The Vikings ended up in overtime for the second consecutive week, this time against the Chicago Bears. After a quick Bears' three-and-out, the Vikings drove down field to the Bears 21-yard line. The game is now in sudden death format, so a field goal wins it. Unfortunately, in the NFL there is the myth of field goal range. The summation of that article is in bold at the bottom: "Closer is always better."

I first want to mention that field goal kicking has improved dramatically over the last few years, and the two kickers involved in this game (Robbie Gould and Blair Walsh) are among the very best in the league. The Vikings, facing a 3rd-and-10 from the Bears 21, opted to attempt a 39-yarder rather than try to get closer. For Blair Walsh, this is seen as a gimme. In today's NFL, that is about an 87% proposition. Very likely, although still more than a 1-in-10 chance he misses.

After drilling the field goal, Vikings' tight end Rhett Ellison was flagged for a flagrant face mask, pushing the team back to the 36-yard line (a 54-yard field goal, which converts just under 60%). On 3rd-and-25, the Vikings pounded the ball where Adrian Peterson lost 3-yards, making it a 57-yard field goal attempt (~50% conversion). At 50% (and possibly higher as Blair Walsh had previously made 12 of 13 kicks over 50-yards), the field goal is still the right fourth-down decision. Walsh missed the field goal and overtime continued.

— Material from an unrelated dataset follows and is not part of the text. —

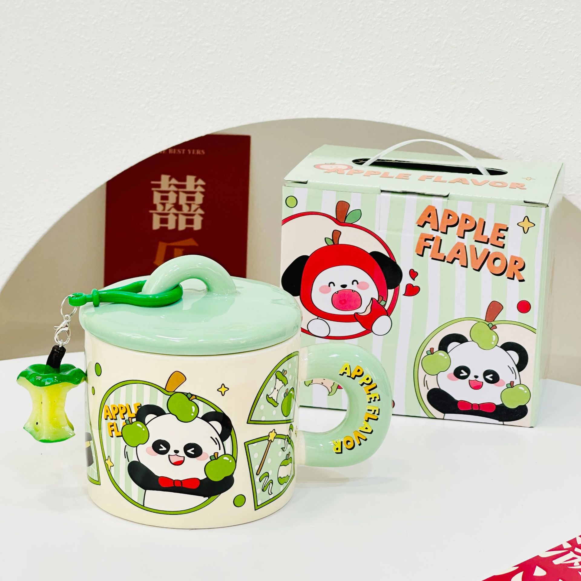 萌えアニメ動物アップルマグカップオフィス高颜値蓋付きカップ朝食カップ誕生日プレゼント

I give credit to Leslie Frazier for making an attempt to get closer on third down and you cannot fault him for putting the ball in his best player's hands. In general, on the long distance-to-go, a screen, short pass, or delay is probably the more efficient option than just running up the gut. Frazier took a conservative approach, not wanting to ruin his current field position, rather than making a legitimate effort to get closer to the end zone.

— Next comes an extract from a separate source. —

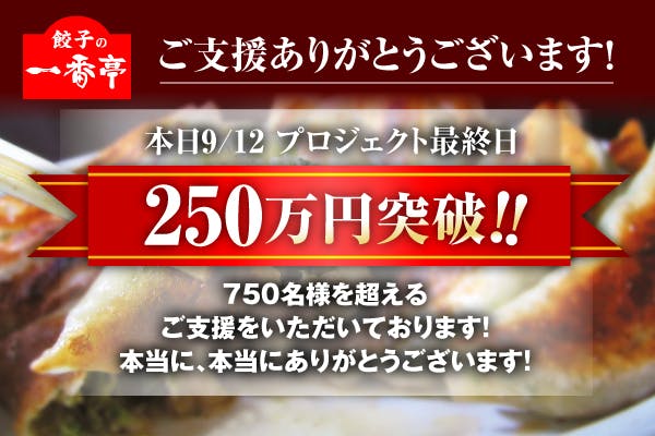 2020/09/12 14:51皆様こんにちは!あっという間のプロジェクト期間、最終日を迎えました。皆様のご支援をいただき、最終日ただいまの段階で750名様、250万円超えのご支援をいただいております!初めてのクラウドファンディングチャレンジ、これほどまでにご支援をいただけていることただただ皆様に感謝でございます!実店舗のファンでいてくださるお客様、初めて一番亭のことを知ったお客様、餃子が好き、らーめんが好き、様々な方にかけがえのないご支援をいただいております。プロジェクト終了まで残り数時間となりますが、皆様の応援、ご支援を糧にがんばっていきます!(株)にしはらグループ もっと見る

Let's look at field goal conversion rates by distance to show why closer is always better. In the blue, we see estimates for field goal conversion based on the season and distance. The green highlights estimates for 2013 (kicking has improved significantly since 2000). In pink, we see a smoothed estimate not-adjusted for season and includes data from 2000 through last week.

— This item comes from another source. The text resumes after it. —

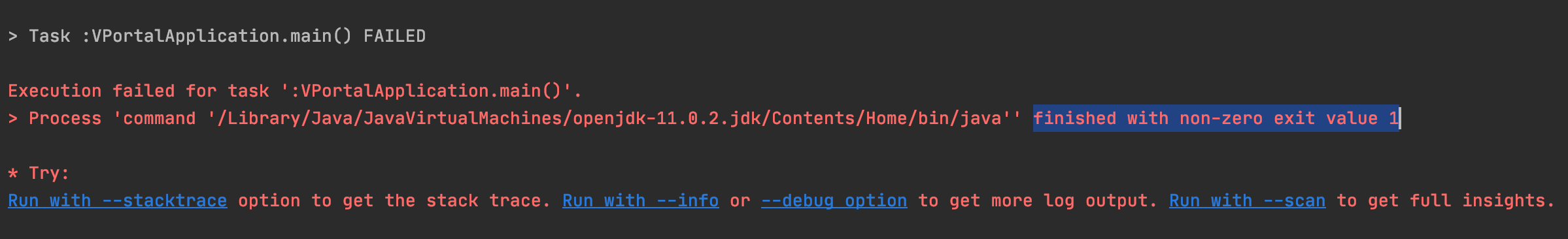 [인텔리제이] 스프링부트 실행 시 jdk 에러 finished with non-zero exit value 1 본문

After the missed field goal, the Bears converted a few first downs until attempting a field goal on 2nd-and-7 from the 29-yard line (a 47-yard attempt). Again, Robbie Gould is an extremely reliable kicker, but a 47-yard field goal misses 25% of the time (1 out of 4 attempts). Gaining just four yards decreases that miss probability to 1 out of 5 attempts. Why not make an effort to get closer? The theory is that if there is a bobbled hold or a bad snap, that will give the offense another opportunity to attempt the kick. I tried to estimate a figure for percentage of bad snaps or holds, and if it is less than the percent increase you gain from getting closer, that theory does not make sense due to opportunity cost. I found around 50 plays with aborted snaps or holds on field goal attempts since 2000, which would put the botch probability at around 0.3-0.4%. One yard means close to an additional 2% chance of making a field goal on a 47-yard attempt - significantly higher than the bad snap rate. Bad snaps or holds are not specifically noted in the play-by-play, though, and they are difficult to tease out, so that estimate will not be perfect. It is just meant to give a general idea of the likelihood of the event.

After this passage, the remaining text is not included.